What you submit must be an exact copy of the listing below, with no images in it.

======== Dataset section ========

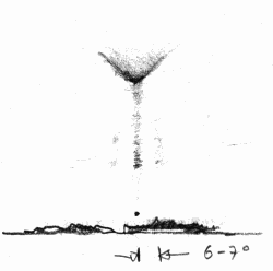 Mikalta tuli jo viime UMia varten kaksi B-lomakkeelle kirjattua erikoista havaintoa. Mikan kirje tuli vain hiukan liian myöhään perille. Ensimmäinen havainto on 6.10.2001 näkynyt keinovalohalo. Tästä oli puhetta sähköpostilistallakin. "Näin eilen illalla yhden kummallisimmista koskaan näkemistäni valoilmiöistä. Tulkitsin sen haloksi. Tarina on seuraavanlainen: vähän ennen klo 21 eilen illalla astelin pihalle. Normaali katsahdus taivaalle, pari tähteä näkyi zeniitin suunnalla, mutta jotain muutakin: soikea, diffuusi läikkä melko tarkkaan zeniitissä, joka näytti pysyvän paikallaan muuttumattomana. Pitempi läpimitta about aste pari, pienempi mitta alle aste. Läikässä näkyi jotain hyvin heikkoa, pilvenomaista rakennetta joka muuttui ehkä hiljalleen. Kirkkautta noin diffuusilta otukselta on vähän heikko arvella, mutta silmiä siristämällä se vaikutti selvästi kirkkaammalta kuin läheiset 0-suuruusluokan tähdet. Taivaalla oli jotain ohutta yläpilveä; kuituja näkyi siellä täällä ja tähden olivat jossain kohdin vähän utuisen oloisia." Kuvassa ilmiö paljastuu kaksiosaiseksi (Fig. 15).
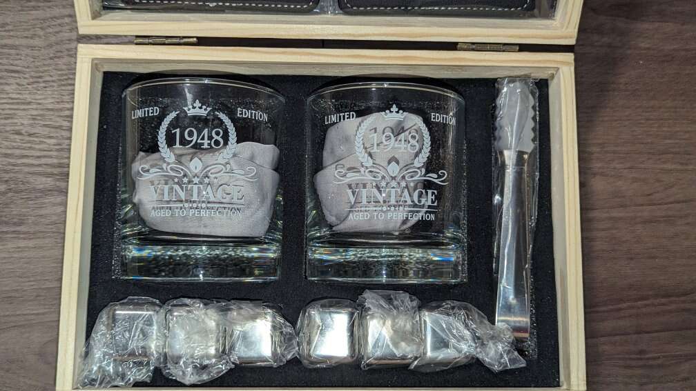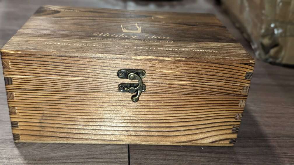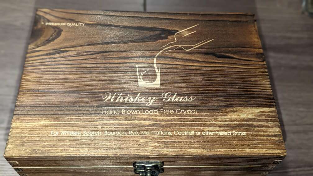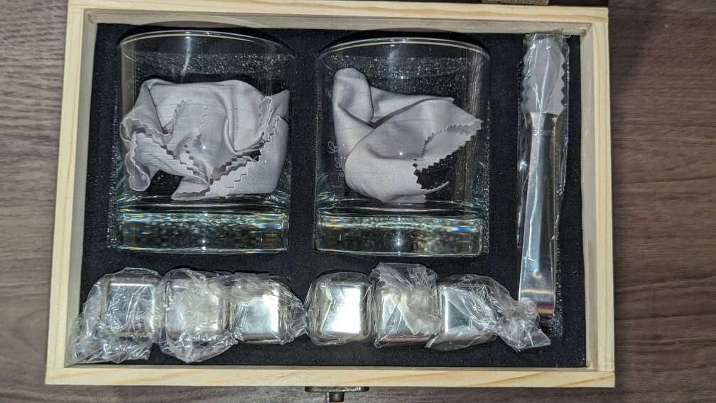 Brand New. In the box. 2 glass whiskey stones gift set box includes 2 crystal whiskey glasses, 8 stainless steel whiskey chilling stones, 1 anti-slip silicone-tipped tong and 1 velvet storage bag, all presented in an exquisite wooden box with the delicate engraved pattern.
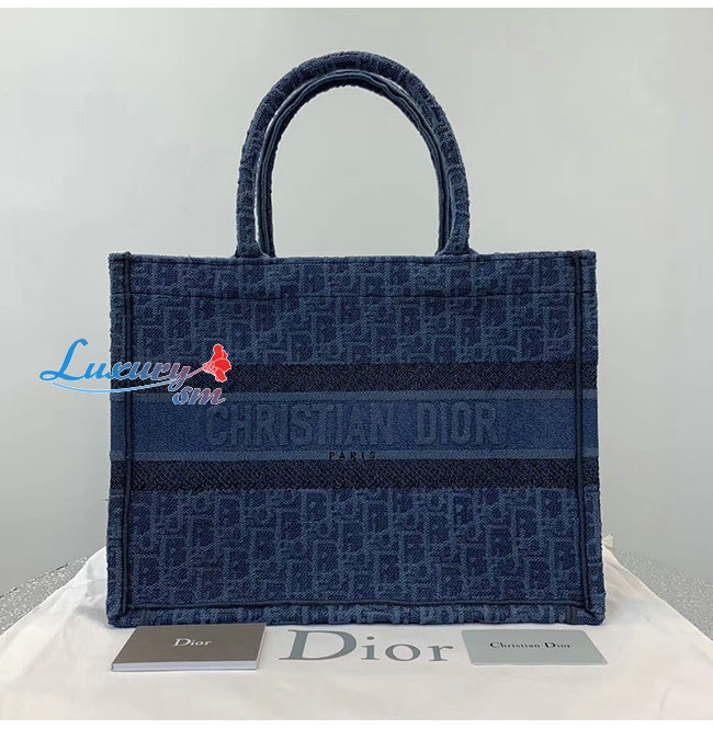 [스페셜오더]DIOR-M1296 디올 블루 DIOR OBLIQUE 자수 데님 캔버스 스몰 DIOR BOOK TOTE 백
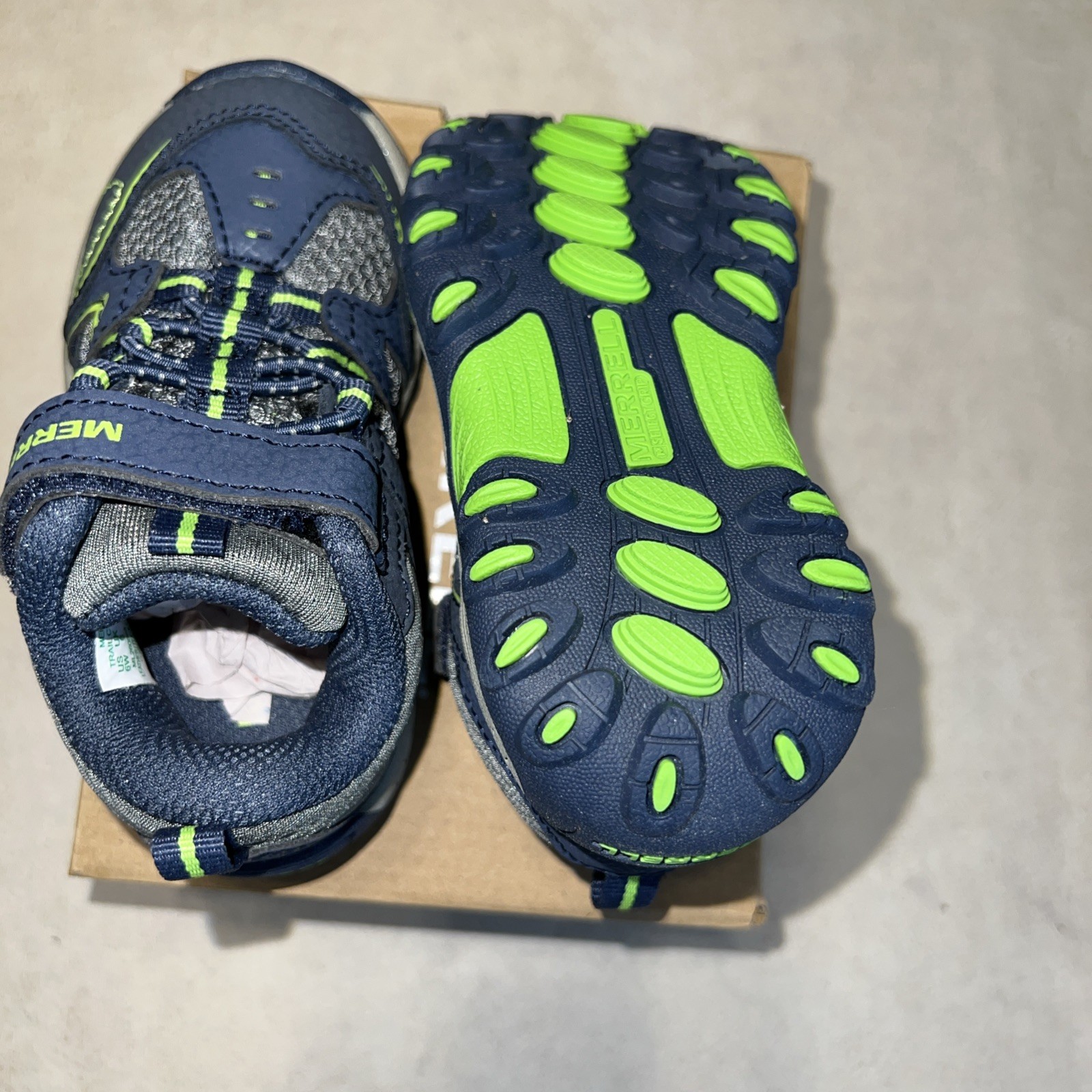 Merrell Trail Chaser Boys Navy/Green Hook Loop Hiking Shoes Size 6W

========

Answer area:
 Mikalta tuli jo viime UMia varten kaksi B-lomakkeelle kirjattua erikoista havaintoa. Mikan kirje tuli vain hiukan liian myöhään perille. Ensimmäinen havainto on 6.10.2001 näkynyt keinovalohalo. Tästä oli puhetta sähköpostilistallakin. "Näin eilen illalla yhden kummallisimmista koskaan näkemistäni valoilmiöistä. Tulkitsin sen haloksi. Tarina on seuraavanlainen: vähän ennen klo 21 eilen illalla astelin pihalle. Normaali katsahdus taivaalle, pari tähteä näkyi zeniitin suunnalla, mutta jotain muutakin: soikea, diffuusi läikkä melko tarkkaan zeniitissä, joka näytti pysyvän paikallaan muuttumattomana. Pitempi läpimitta about aste pari, pienempi mitta alle aste. Läikässä näkyi jotain hyvin heikkoa, pilvenomaista rakennetta joka muuttui ehkä hiljalleen. Kirkkautta noin diffuusilta otukselta on vähän heikko arvella, mutta silmiä siristämällä se vaikutti selvästi kirkkaammalta kuin läheiset 0-suuruusluokan tähdet. Taivaalla oli jotain ohutta yläpilveä; kuituja näkyi siellä täällä ja tähden olivat jossain kohdin vähän utuisen oloisia." Kuvassa ilmiö paljastuu kaksiosaiseksi (Fig. 15).
 Brand New. In the box. 2 glass whiskey stones gift set box includes 2 crystal whiskey glasses, 8 stainless steel whiskey chilling stones, 1 anti-slip silicone-tipped tong and 1 velvet storage bag, all presented in an exquisite wooden box with the delicate engraved pattern.
 [스페셜오더]DIOR-M1296 디올 블루 DIOR OBLIQUE 자수 데님 캔버스 스몰 DIOR BOOK TOTE 백
 Merrell Trail Chaser Boys Navy/Green Hook Loop Hiking Shoes Size 6W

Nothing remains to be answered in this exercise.